This HPA axis activation observed in experimental models of Chagas disease is associated with the presence of nests of T. cruzi amastigotes in the adrenals, as well as parasite-derived antigens in both adrenals and pituitary gland (50). Although by now, the underlyning mechanisms are not fully elucidated, the presence of T. cruzi-derived antigens (proteins, DNA, or glycolipids) in the endocrine glands of HPA axis may promote a local inflammatory response via the engagement of TLRs, as shown in bacterial models of infection (51). In particular, the stimulation of TLR-9, which recognizes T. cruzi DNA (52), may cause the local production of cytokines and consequent increase in the release of corticosterone, as seen in a model of sepsis (53).

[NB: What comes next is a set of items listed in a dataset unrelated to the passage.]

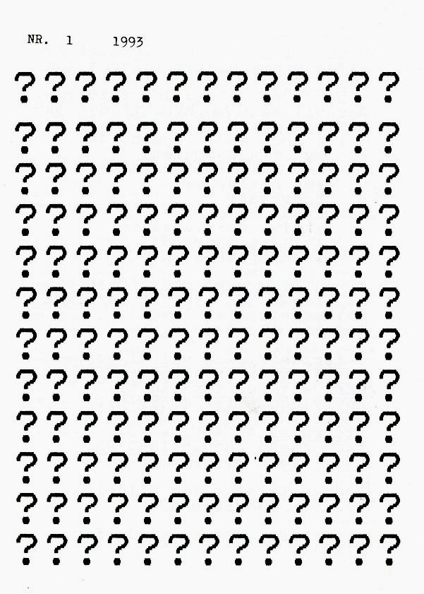 Bladets stiftere var åbenbart fra starten i bekneb for et passende navn, for hele forsiden af det første nummer i januar 1993 bestod af 12 rækker store spørgsmålstegn! Alle læsere indbydes til at lave indslag til bladet, og man udsætter en præmie på 1 fl. Gl. Dansk for det bedste forslag til navn og logo til bladet!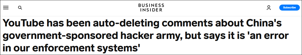 “刪評事件”引發輿論關注後,“YouTube”發言人艾薇·崔(Ivy Choi)26日在發給“商業內幕”的一份聲明中表示,用户所反映的評論留言被刪除一事屬實,竟稱這是一個“錯誤”。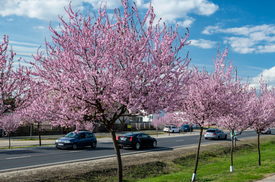 Virágzó cseresznyeszilvafák, más néven mirabolán fák (Prunus cerasifera) Bocskaikertben a 4-es számú főútvonal mentén 2022. április 10-én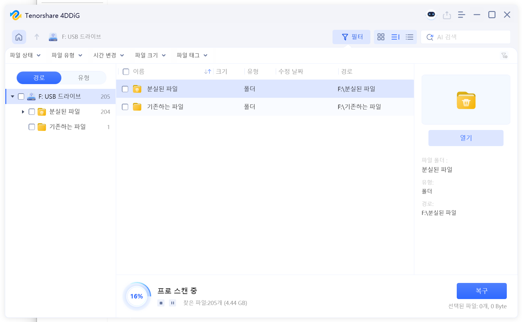 실수로 삭제한 USB 속 파일 삭제 데이터 파일 복원 - Tenorshare 4DDiG Data Recovery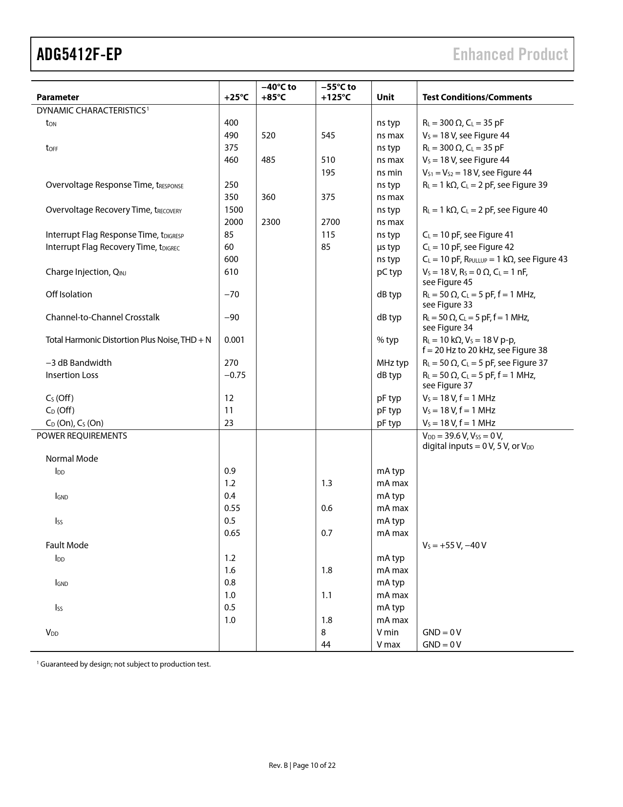 link to page 21 link to page 21 link to page 21 link to page 20 link to page 20 link to page 20 link to page 21 link to page 21 link to page 21 link to page 19 link to page 19 link to page 19 link to page 19 link to page 19 ADG5412F-EPEnhanced Product−40°C to−55°C toParameter+25°C+85°C+125°CUnitTest Conditions/Comments DYNAMIC CHARACTERISTICS1 tON 400 ns typ RL = 300 Ω, CL = 35 pF 490 520 545 ns max VS = 18 V, see Figure 44 tOFF 375 ns typ RL = 300 Ω, CL = 35 pF 460 485 510 ns max VS = 18 V, see Figure 44 195 ns min VS1 = VS2 = 18 V, see Figure 44 Overvoltage Response Time, tRESPONSE 250 ns typ RL = 1 kΩ, CL = 2 pF, see Figure 39 350 360 375 ns max Overvoltage Recovery Time, tRECOVERY 1500 ns typ RL = 1 kΩ, CL = 2 pF, see Figure 40 2000 2300 2700 ns max Interrupt Flag Response Time, tDIGRESP 85 115 ns typ CL = 10 pF, see Figure 41 Interrupt Flag Recovery Time, tDIGREC 60 85 µs typ CL = 10 pF, see Figure 42 600 ns typ CL = 10 pF, RPULLUP = 1 kΩ, see Figure 43 Charge Injection, QINJ 610 pC typ VS = 18 V, RS = 0 Ω, CL = 1 nF, see Figure 45 Off Isolation −70 dB typ RL = 50 Ω, CL = 5 pF, f = 1 MHz, see Figure 33 Channel-to-Channel Crosstalk −90 dB typ RL = 50 Ω, CL = 5 pF, f = 1 MHz, see Figure 34 Total Harmonic Distortion Plus Noise, THD + N 0.001 % typ RL = 10 kΩ, VS = 18 V p-p, f = 20 Hz to 20 kHz, see Figure 38 −3 dB Bandwidth 270 MHz typ RL = 50 Ω, CL = 5 pF, see Figure 37 Insertion Loss −0.75 dB typ RL = 50 Ω, CL = 5 pF, f = 1 MHz, see Figure 37 CS (Off) 12 pF typ VS = 18 V, f = 1 MHz CD (Off) 11 pF typ VS = 18 V, f = 1 MHz CD (On), CS (On) 23 pF typ VS = 18 V, f = 1 MHz POWER REQUIREMENTS VDD = 39.6 V, VSS = 0 V, digital inputs = 0 V, 5 V, or VDD Normal Mode IDD 0.9 mA typ 1.2 1.3 mA max IGND 0.4 mA typ 0.55 0.6 mA max ISS 0.5 mA typ 0.65 0.7 mA max Fault Mode VS = +55 V, −40 V IDD 1.2 mA typ 1.6 1.8 mA max IGND 0.8 mA typ 1.0 1.1 mA max ISS 0.5 mA typ 1.0 1.8 mA max VDD 8 V min GND = 0 V 44 V max GND = 0 V 1 Guaranteed by design; not subject to production test. Rev. B | Page 10 of 22 Document Outline FEATURES ENHANCED PRODUCT FEATURES APPLICATIONS FUNCTIONAL BLOCK DIAGRAM GENERAL DESCRIPTION PRODUCT HIGHLIGHTS REVISION HISTORY SPECIFICATIONS ±15 V DUAL SUPPLY ±20 V DUAL SUPPLY 12 V SINGLE SUPPLY 36 V SINGLE SUPPLY CONTINUOUS CURRENT PER CHANNEL, Sx OR Dx ABSOLUTE MAXIMUM RATINGS ESD CAUTION PIN CONFIGURATION AND FUNCTION DESCRIPTIONS TYPICAL PERFORMANCE CHARACTERISTICS TEST CIRCUITS OUTLINE DIMENSIONS ORDERING GUIDE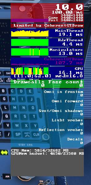 I do not understand this. 10 FPS. 100 ms to build and send each frame. CoherentGTDraw takes 107.7 ms to build a frame which is about 9.2 FPS. I can see that ālimited by CoherentGTDrawā makes sense. But how can a frame be delivered at 100ms if CoherentGTDraw builds a frame in 107.7 ms? Is the FPS counter using an average? Or is the 100 ms time for the current frame and 107.7 the time for the next frame? Iām not familiar with CoherentGTDraw so maybe there are other things squeezing the 107.7 ms down to 100 ms.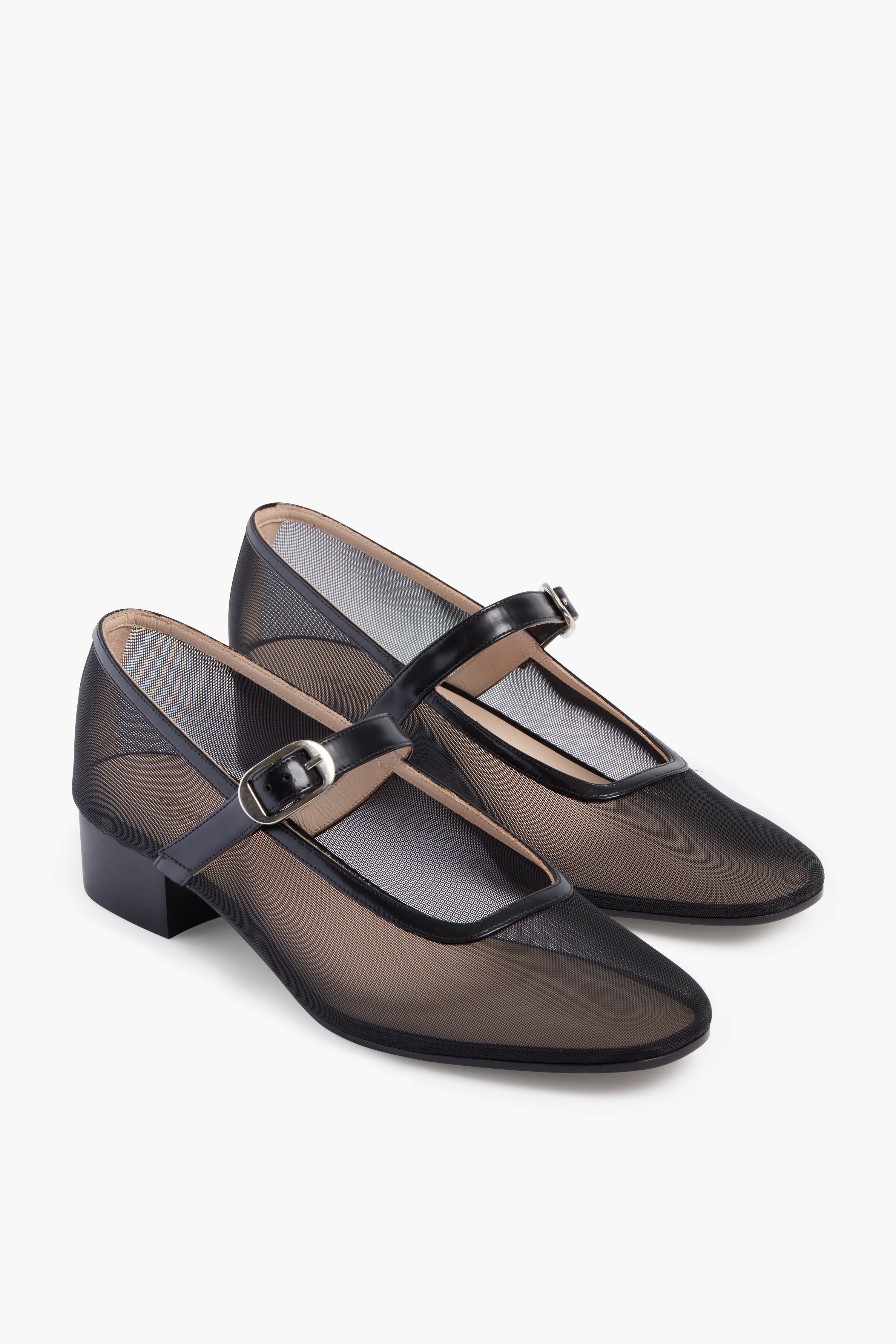 Made of semi-sheer mesh that brings a modern twist to a classic silhouette. the Black Agatha Mary Janes are all kinds of elegant! Set atop a barely-there block heel that will give you a touch of height while remaining comfortable enough for day to night wear. this pair is designed to elevate your ensembles. Finished with luxe leather trim. these are an absolute must-have that are perfect when paired with a crisp blouse and your go-to denim or trousers.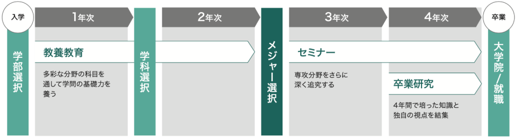 幅広いメジャーから1つを選択して、対応するセミナーに所属しながら卒業研究を行います。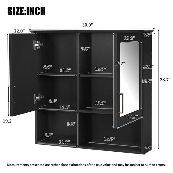 2 In 1 Wall-Mounted Mirror Cabinet With Adjustable Shelves, Soft-Close Doors, High-Definition Mirror & Storage - Black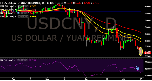 We prefer to take short position in USD/CNY around 6.7710, stop loss at 6.7850 and target of 6.7607/6.7520.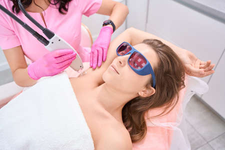Caucasian woman in protective eyeglasses at laser hair removal procedure in beauty salon. Beautician does an epilation on armpits. Concept of professional cosmetology.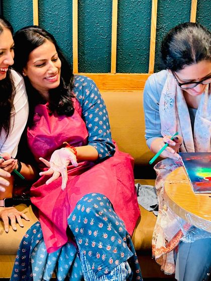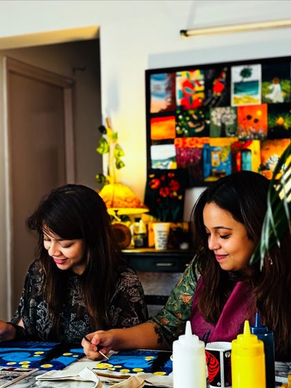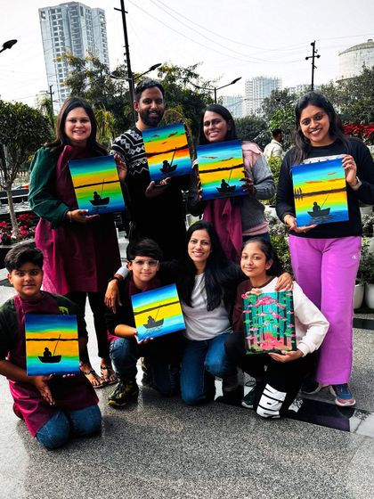 I host private art parties where I bring all materials, guide you step-by-step, and make sure everyone—from kids to adults—creates their own artwork at my studio or your venue in Delhi NCR, no experience needed.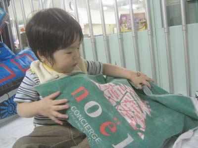 配膳の方から、プレゼントが。 「ツリーがあるので、早めに」 との事でしたので、早速息子に渡します。 |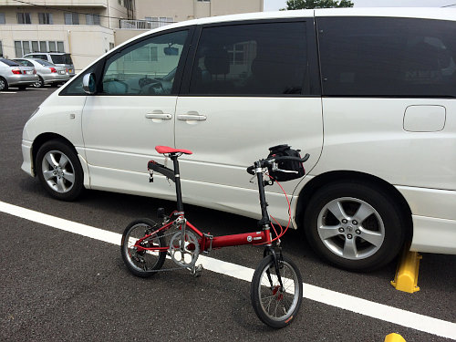 家族を送り届けて、駐車場でDAHONを降ろします。昔、NARUTOの映画を見に行く家族を送って、同じようにDAHONを下ろしたらパンクしていた事がありましたが、今回は大丈夫です(笑)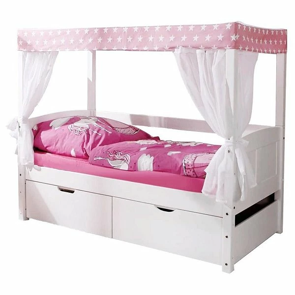 Ticaa Himmelbett MINI Stern Rosa Kiefer weiß – inkl. 2 Schubkästen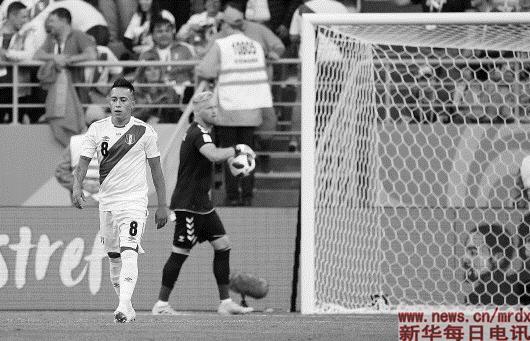 ▲6月16日,秘鲁队球员奎瓦(左)在错失点球破门良机后神情沮丧。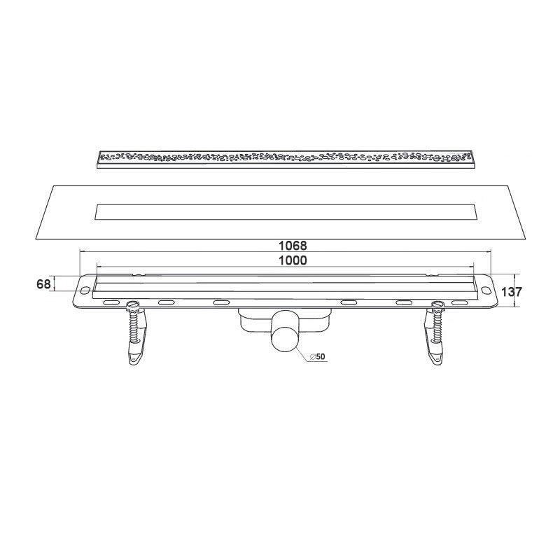 Дренажные канал, трапы Winkel Ekoline Дренажный канал в сборе, (сифон с гидрозатвором 0,4 л/с решетка PERLE 1000мм, нерж. сталь, монтажная глубина 65-105мм), WINKIEL/Ekoline ZZ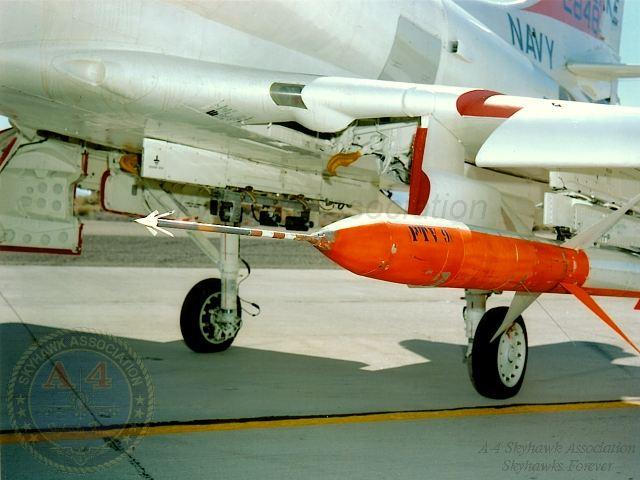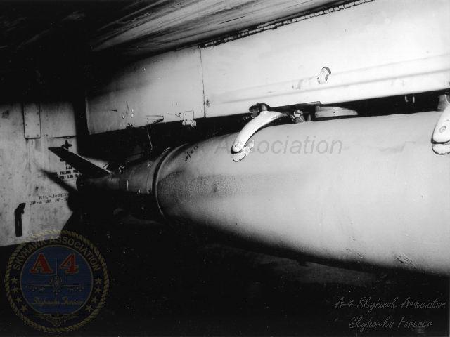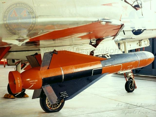 07JUN1963: A-4B 144925 on the China Lake hot line with three Sadeye cluster bombs. Close-up of the Sadeye cluster bomb. Navy photos.
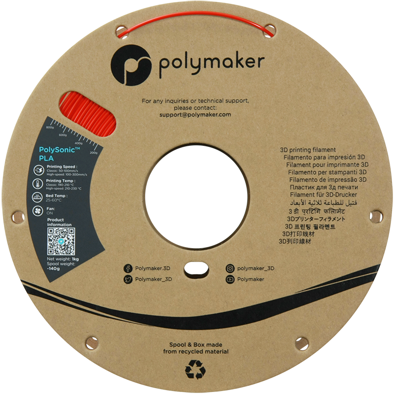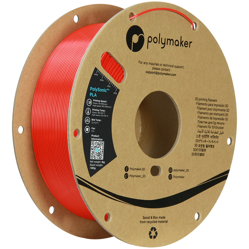Le PolySonic™ PLA est la réponse de Polymaker aux besoins des imprimantes 3D modernes capables d'atteindre des vitesses fulgurantes, offrant des performances que les PLA traditionnels ne peuvent égaler.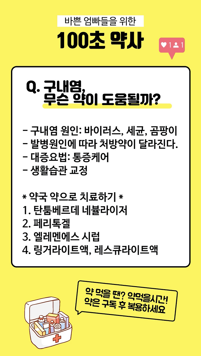 구내염은 주로 바이러스, 세균, 곰팡이에 의해 생기는 질환인데 같은 구내염이라도 발병원인에 따라 처방약이 달라질 수 있어요.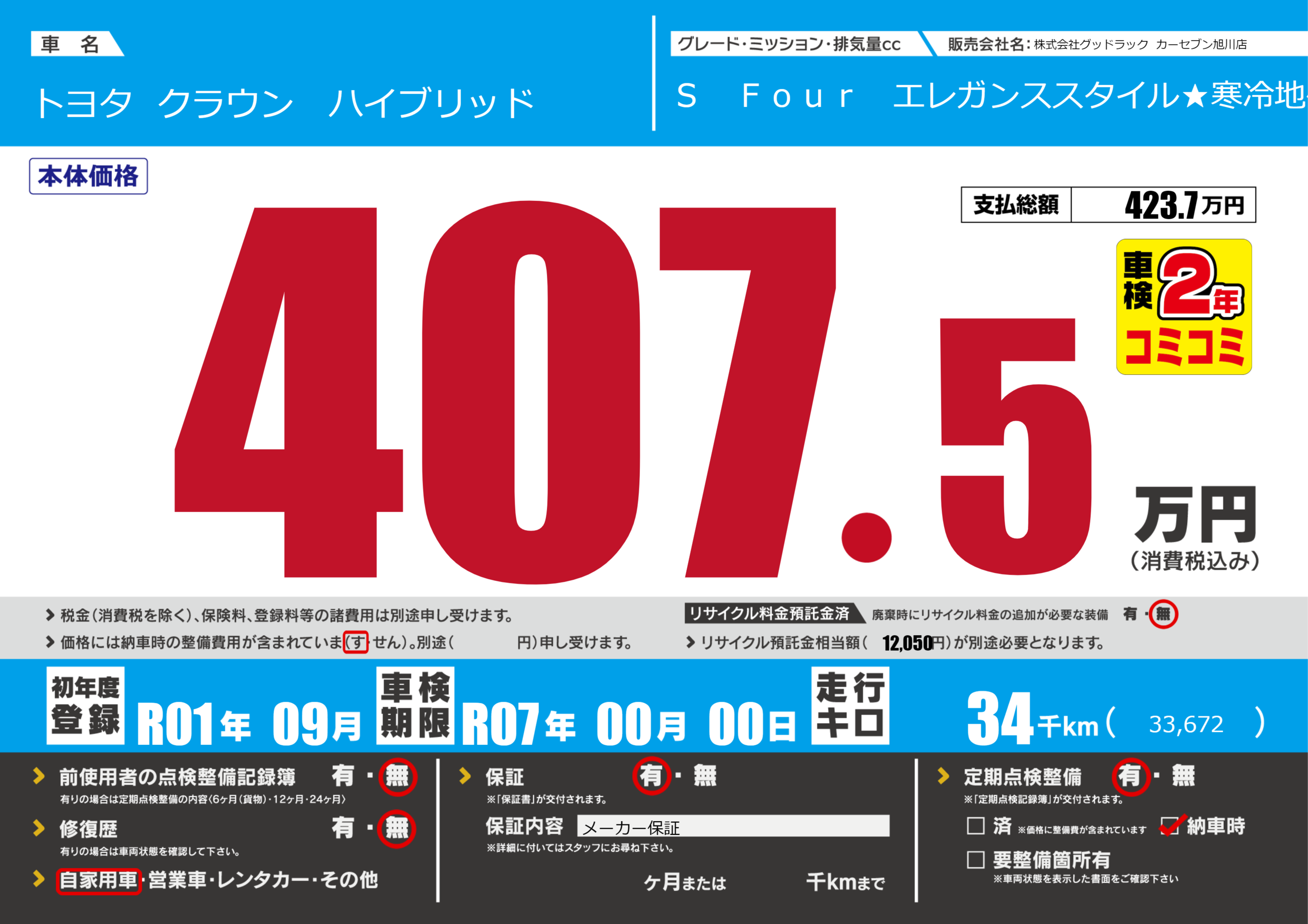 | 車検制限 | R07年 00月 00日 | ||

Similarly, TLR-2 or TLR-4 pathways might be stimulated by TLR agonists expressed by T. cruzi like GPI or GIPL anchors, respectively (54). In fact, C57BL/6 mice infected with T. cruzi showed, not only in plasma but also intra-adrenal, increased levels of TNF-α, IL-1β, and IL-6 (55), suggesting that these proinflammatory cytokines are involved in the hyperactivation of HPA axis at different levels.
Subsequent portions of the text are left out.